**Data extract**

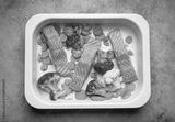 Top view of baking dish casserole with raw uncooked fish salmon steaks, broccoli, cauliflower, carrot. Preparing a healthy low carb dinner concept
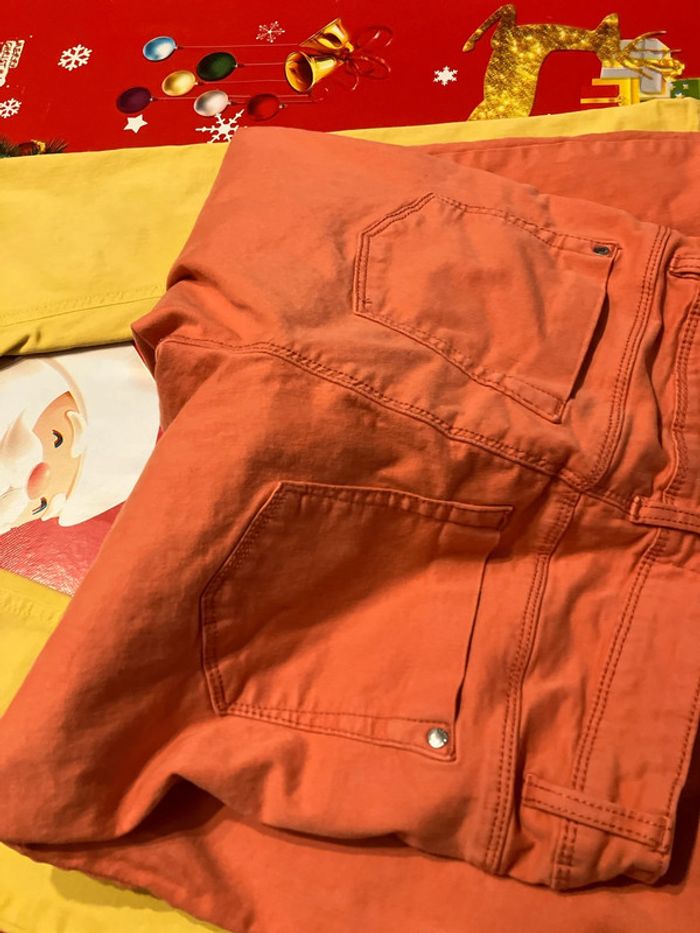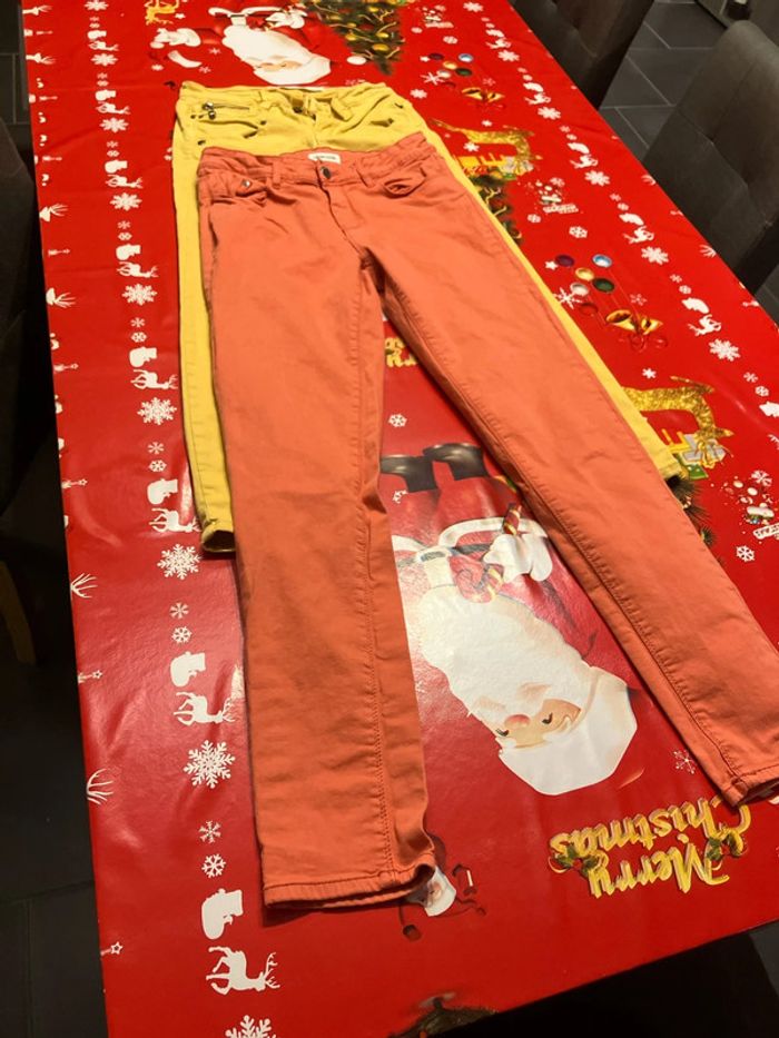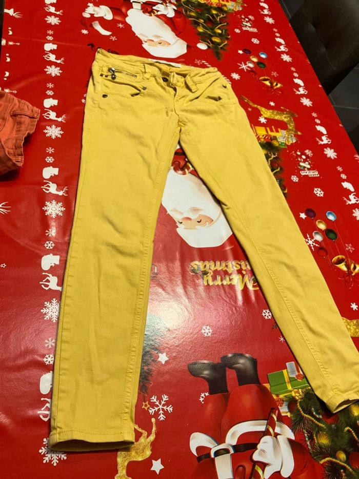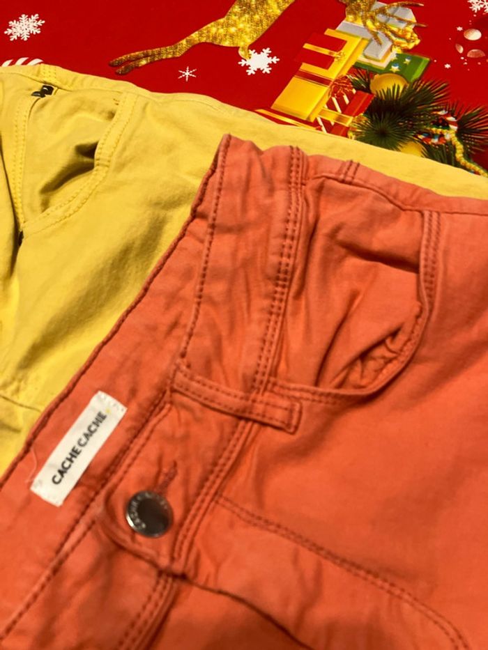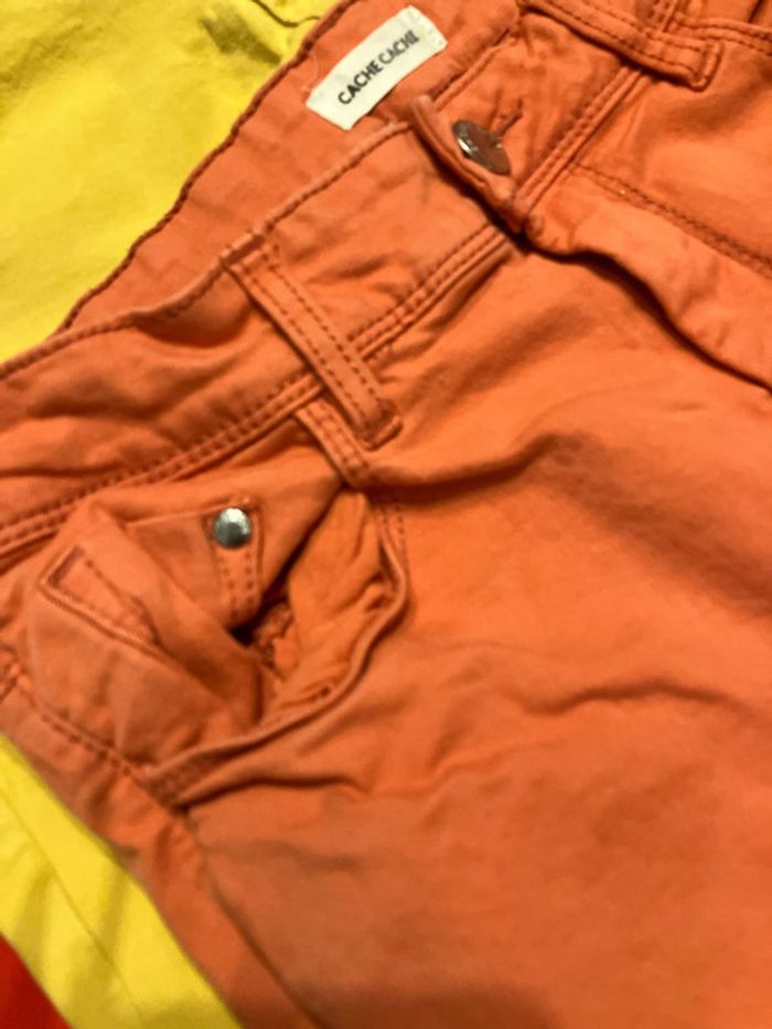 Jeans orange cache cache en bon état n’a plus d’étiquette de taille mais correspond à un S comme le jaune que j’offre en cadeau car à des petites taches
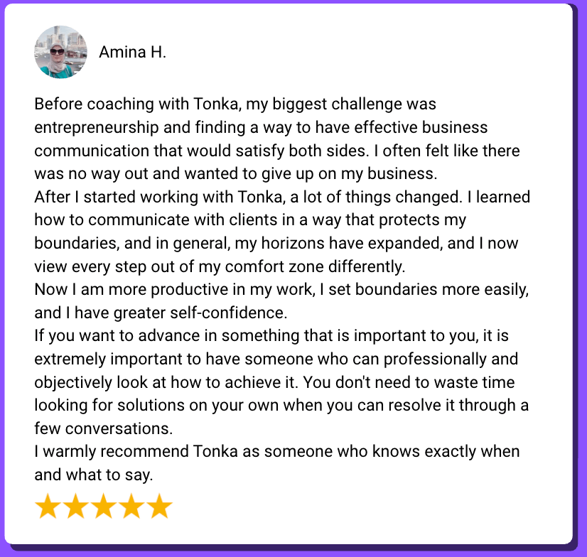 I do this through individual coaching, workshops, and online programs. Just like I helped Amina:
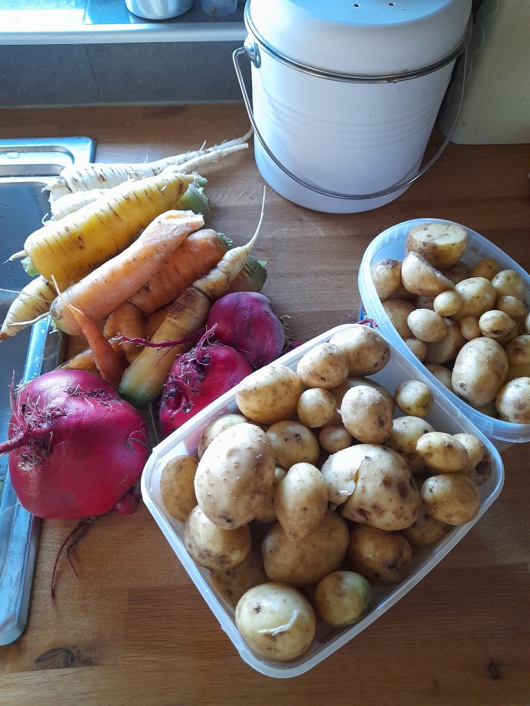 Söndagen bestod att fixa allt som skulle göras under helgen. Panera matsedel för kommande vecka, handla mat, tvätta och städa undan allt som dragits fram under veckan. Efter en längre lunchpromenad fixade vi hundgården då det behövdes förstärkas med det grövre nätet på ytterligare ett ställe. Vi passade även på att skörda en del i landet. Potatis, lök, rödbetor, morötter och palsternacka fick följa med in i huset. När vi ändå var igång drog vi av ogräset och vände på jorden. Nu återstår bara purjolöken och grönkålen i landet. Vår grönkål har börjat komma igen nu efter att den blev angripen av skalbaggar. Så nu hoppas vi på mycket grönkål igen!

**Exercise aim**
Return all of the material precisely as written. No picture belongs in it.

**Task output**
 Top view of baking dish casserole with raw uncooked fish salmon steaks, broccoli, cauliflower, carrot. Preparing a healthy low carb dinner concept
 Jeans orange cache cache en bon état n’a plus d’étiquette de taille mais correspond à un S comme le jaune que j’offre en cadeau car à des petites taches
 I do this through individual coaching, workshops, and online programs. Just like I helped Amina:
 Söndagen bestod att fixa allt som skulle göras under helgen. Panera matsedel för kommande vecka, handla mat, tvätta och städa undan allt som dragits fram under veckan. Efter en längre lunchpromenad fixade vi hundgården då det behövdes förstärkas med det grövre nätet på ytterligare ett ställe. Vi passade även på att skörda en del i landet. Potatis, lök, rödbetor, morötter och palsternacka fick följa med in i huset. När vi ändå var igång drog vi av ogräset och vände på jorden. Nu återstår bara purjolöken och grönkålen i landet. Vår grönkål har börjat komma igen nu efter att den blev angripen av skalbaggar. Så nu hoppas vi på mycket grönkål igen!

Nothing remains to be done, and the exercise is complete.